__Work item__
Transcribe the data verbatim and drop its images.

__Data section__
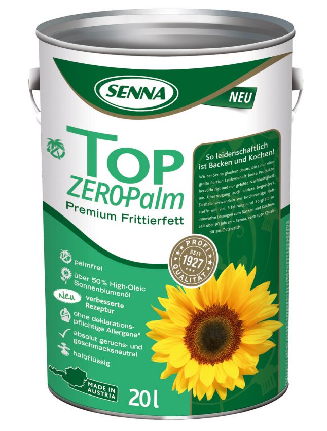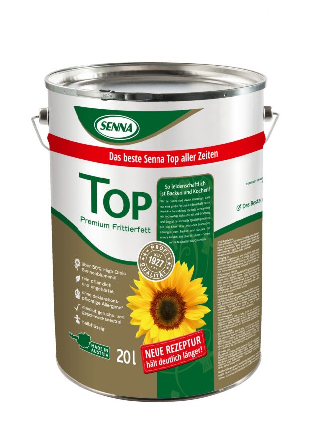 Senna Top e Senna Top Zero Palm (la versione senza olio di palma), sono miscele altamente tecnologiche ottenute dagli oli di girasole alto oleico più pregiati che, da oltre 30 anni, vengono perfezionate e innovate per raggiungere prestazioni e funzionalità uniche.
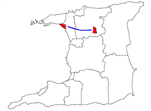 Cette agglomération s'étend de Port-d'Espagne – la capitale – à Arima, à vingt-quatre kilomètres plus à l'est.
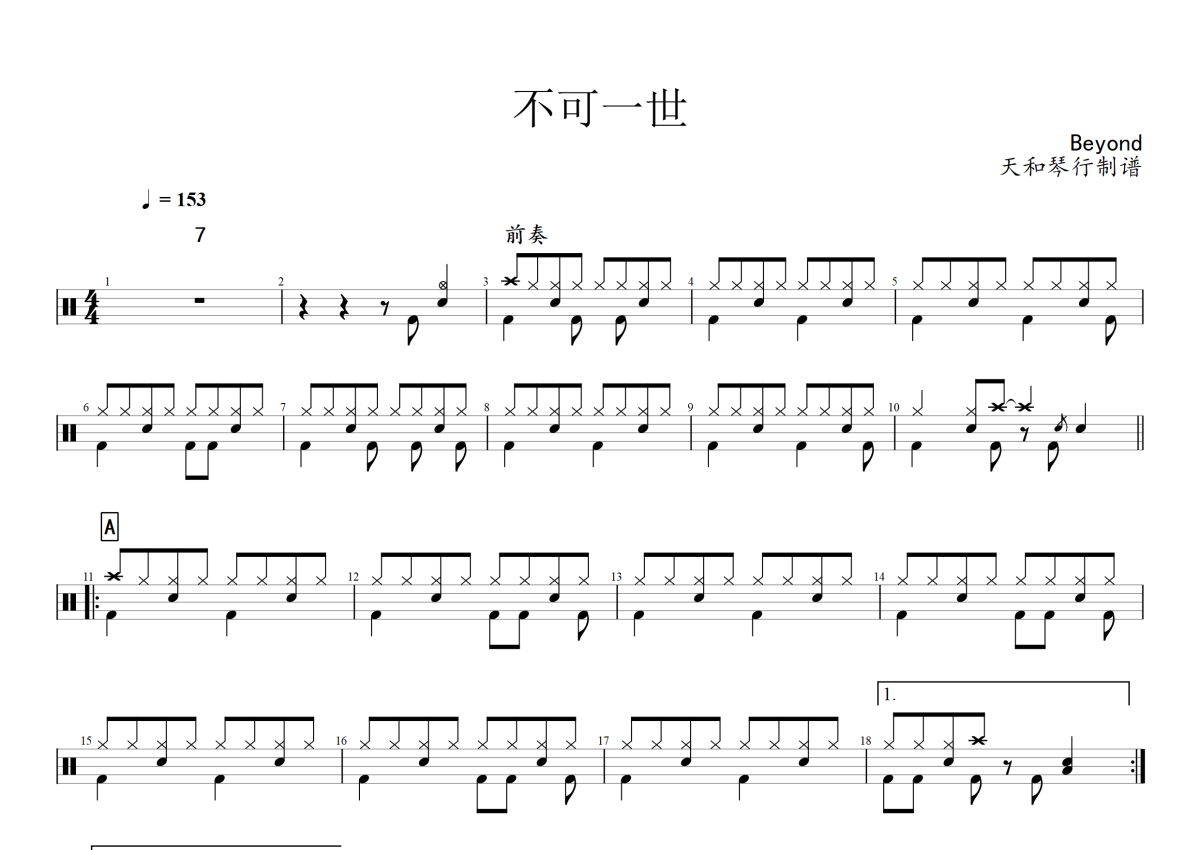 《不可一世》是Beyond演唱的一首歌曲,拍号为4/4拍,歌曲速度为每分钟153拍,这份架子鼓谱共有三张高清图谱,图谱由 @音符喷血者 编配上传,图谱使用五线谱编配,使用这份不可一世架子鼓谱,你将能够轻松地敲打出这首Beyond的不可一世,快来尝试吧。

__Solution for this task__
 Senna Top e Senna Top Zero Palm (la versione senza olio di palma), sono miscele altamente tecnologiche ottenute dagli oli di girasole alto oleico più pregiati che, da oltre 30 anni, vengono perfezionate e innovate per raggiungere prestazioni e funzionalità uniche.
 Cette agglomération s'étend de Port-d'Espagne – la capitale – à Arima, à vingt-quatre kilomètres plus à l'est.
 《不可一世》是Beyond演唱的一首歌曲,拍号为4/4拍,歌曲速度为每分钟153拍,这份架子鼓谱共有三张高清图谱,图谱由 @音符喷血者 编配上传,图谱使用五线谱编配,使用这份不可一世架子鼓谱,你将能够轻松地敲打出这首Beyond的不可一世,快来尝试吧。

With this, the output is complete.